**WORK TO BE COMPLETED**
Write out only the lines from the line that holds "Die stabile Metallkonstruktion" to the end of the listing below, inclusive, with the pictures omitted.

**COLLECTED DATA**
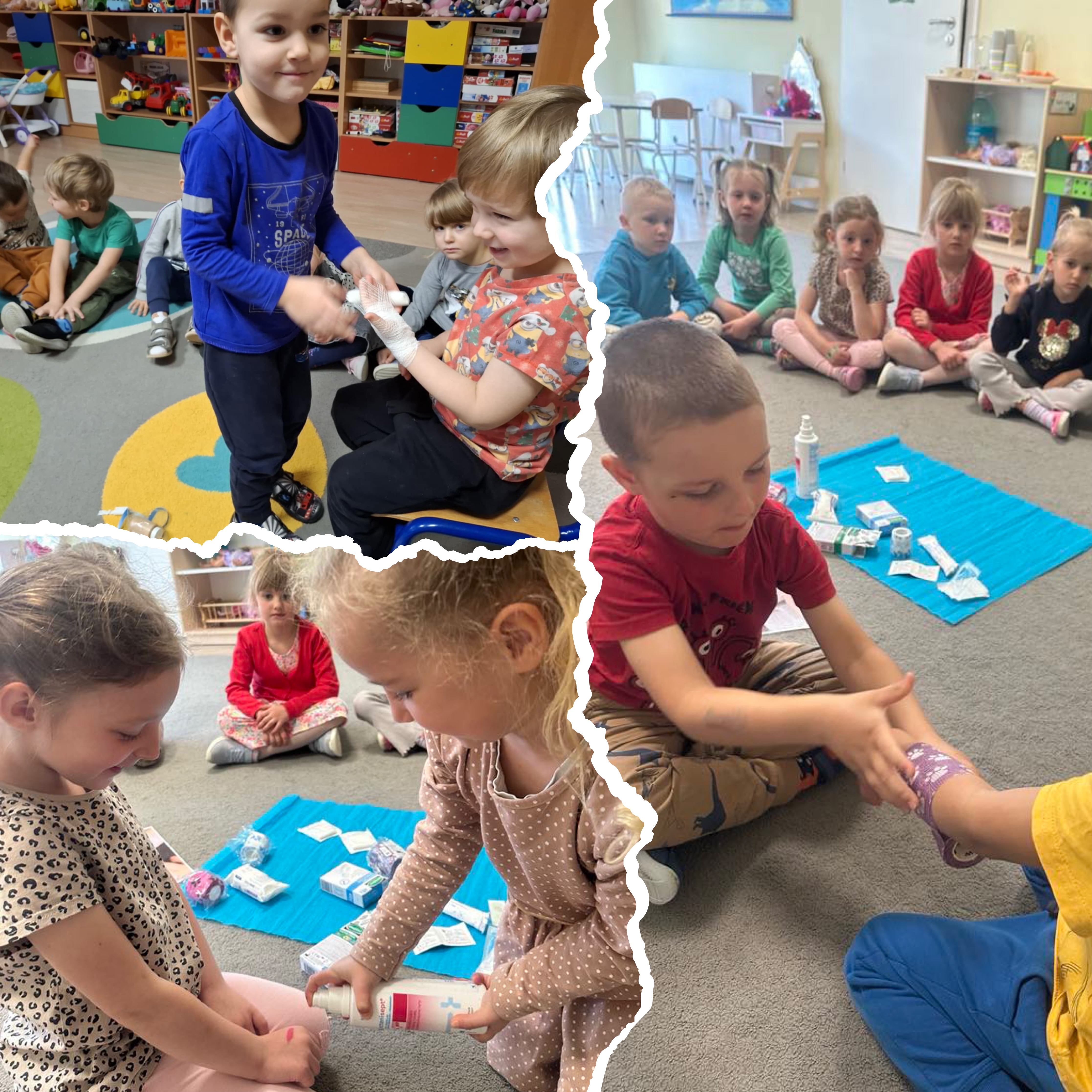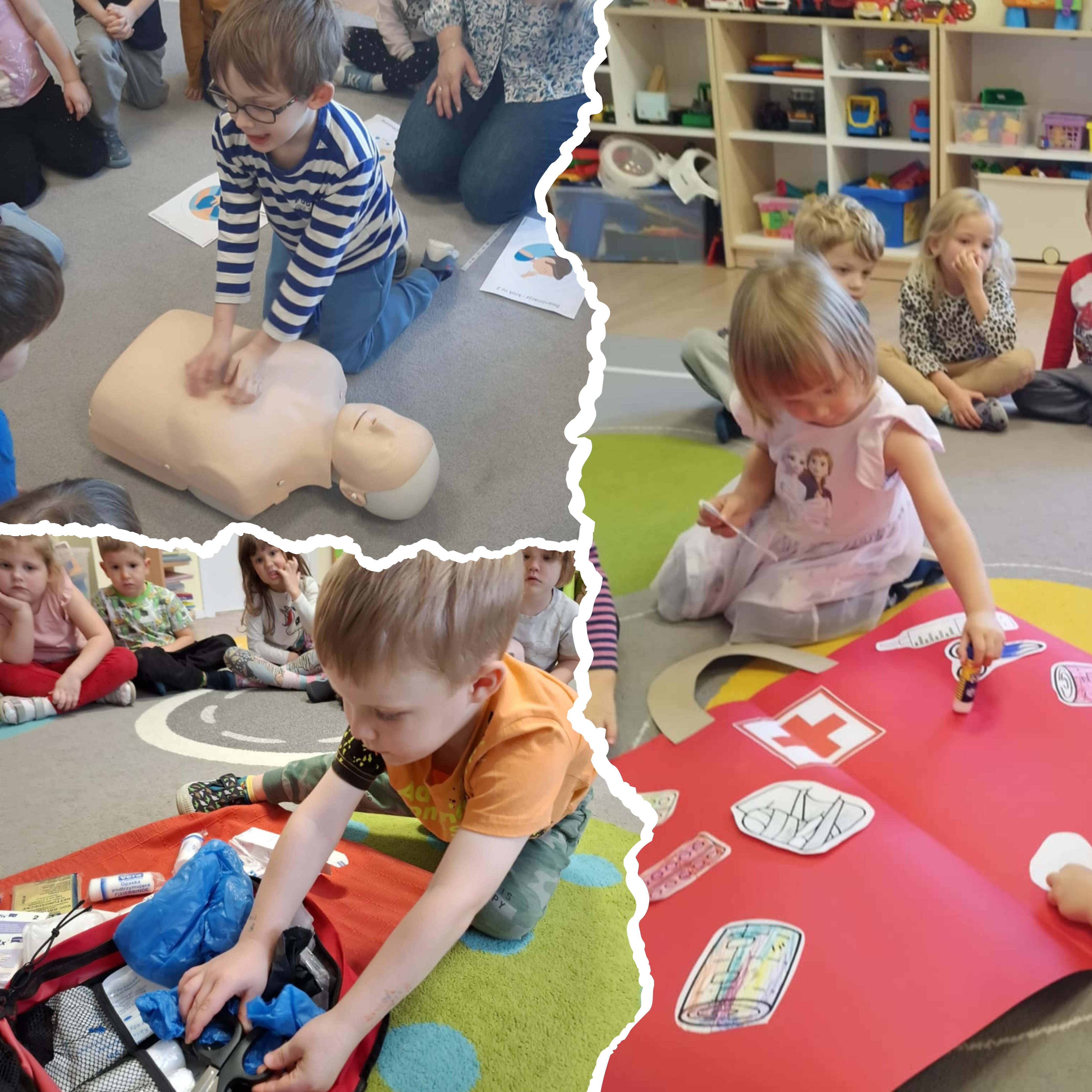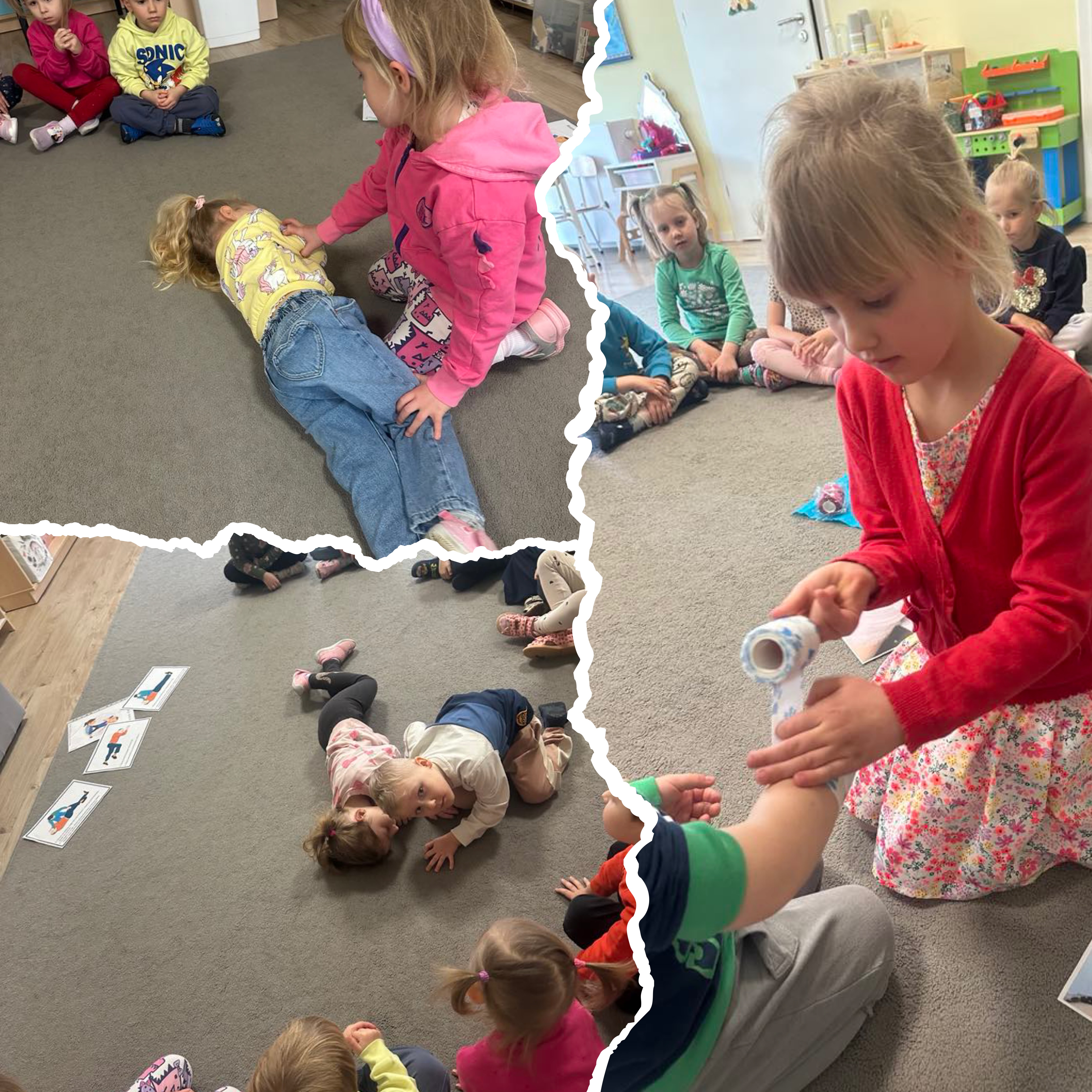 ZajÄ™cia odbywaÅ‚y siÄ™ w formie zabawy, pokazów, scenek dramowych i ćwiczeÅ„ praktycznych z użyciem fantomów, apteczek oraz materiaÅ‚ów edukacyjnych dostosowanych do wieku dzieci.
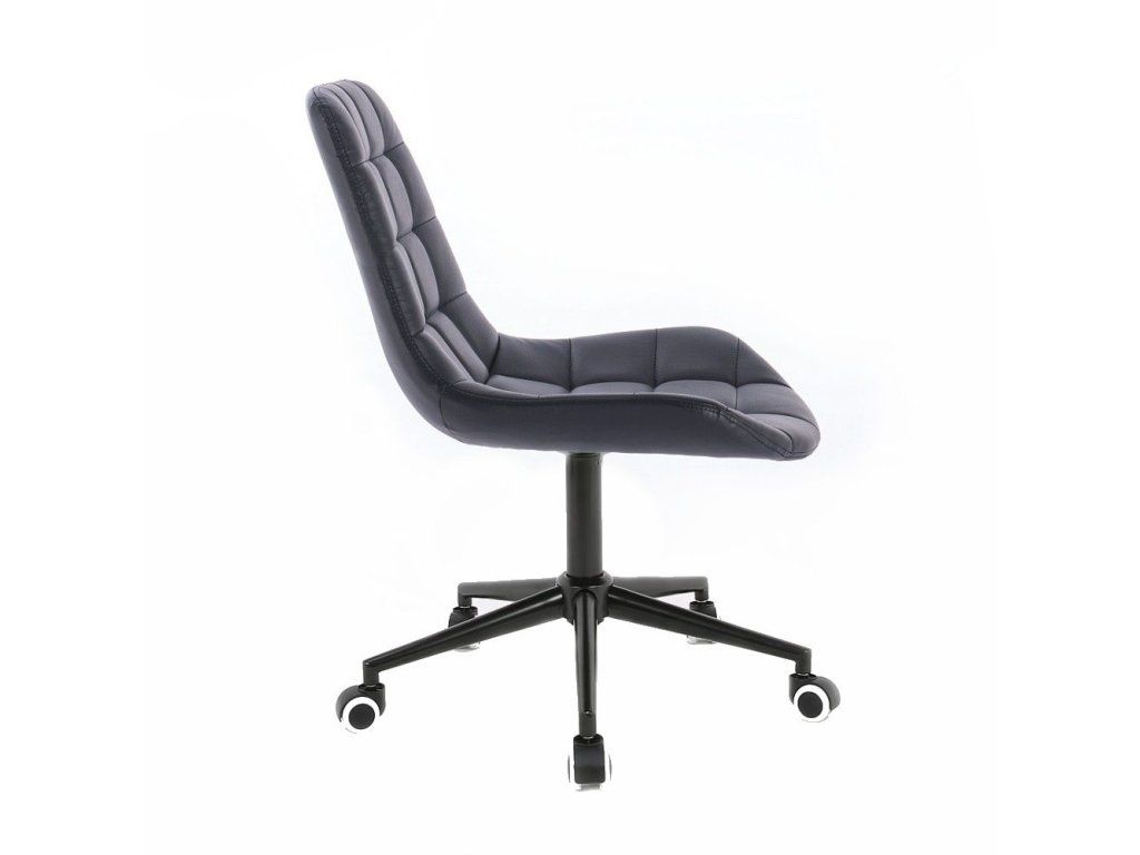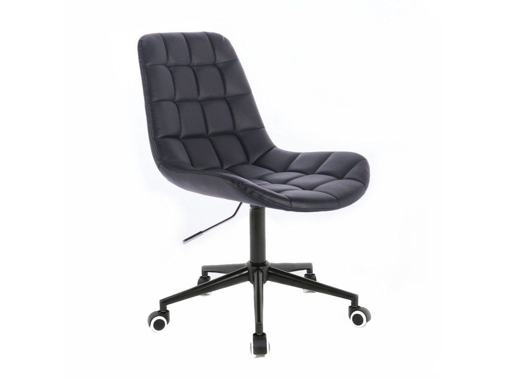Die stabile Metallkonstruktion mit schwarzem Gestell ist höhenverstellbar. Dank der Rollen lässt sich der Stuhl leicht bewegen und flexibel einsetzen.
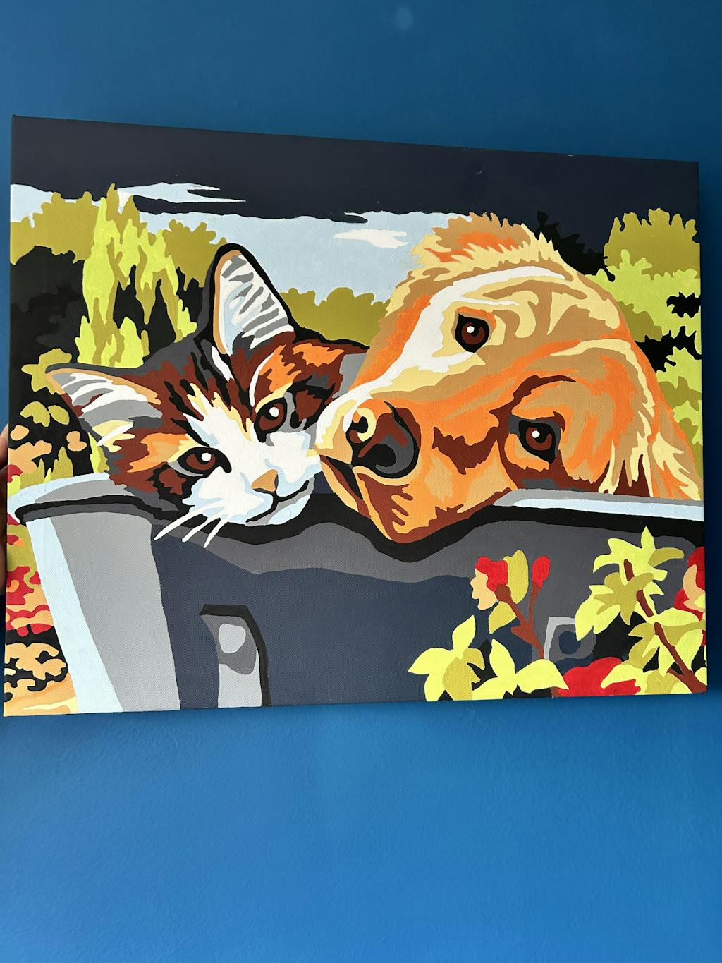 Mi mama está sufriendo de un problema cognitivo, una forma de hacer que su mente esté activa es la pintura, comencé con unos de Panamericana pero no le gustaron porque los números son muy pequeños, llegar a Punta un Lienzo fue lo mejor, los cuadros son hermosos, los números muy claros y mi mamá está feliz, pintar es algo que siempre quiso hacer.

**WORKED SOLUTION**
Die stabile Metallkonstruktion mit schwarzem Gestell ist höhenverstellbar. Dank der Rollen lässt sich der Stuhl leicht bewegen und flexibel einsetzen.
 Mi mama está sufriendo de un problema cognitivo, una forma de hacer que su mente esté activa es la pintura, comencé con unos de Panamericana pero no le gustaron porque los números son muy pequeños, llegar a Punta un Lienzo fue lo mejor, los cuadros son hermosos, los números muy claros y mi mamá está feliz, pintar es algo que siempre quiso hacer.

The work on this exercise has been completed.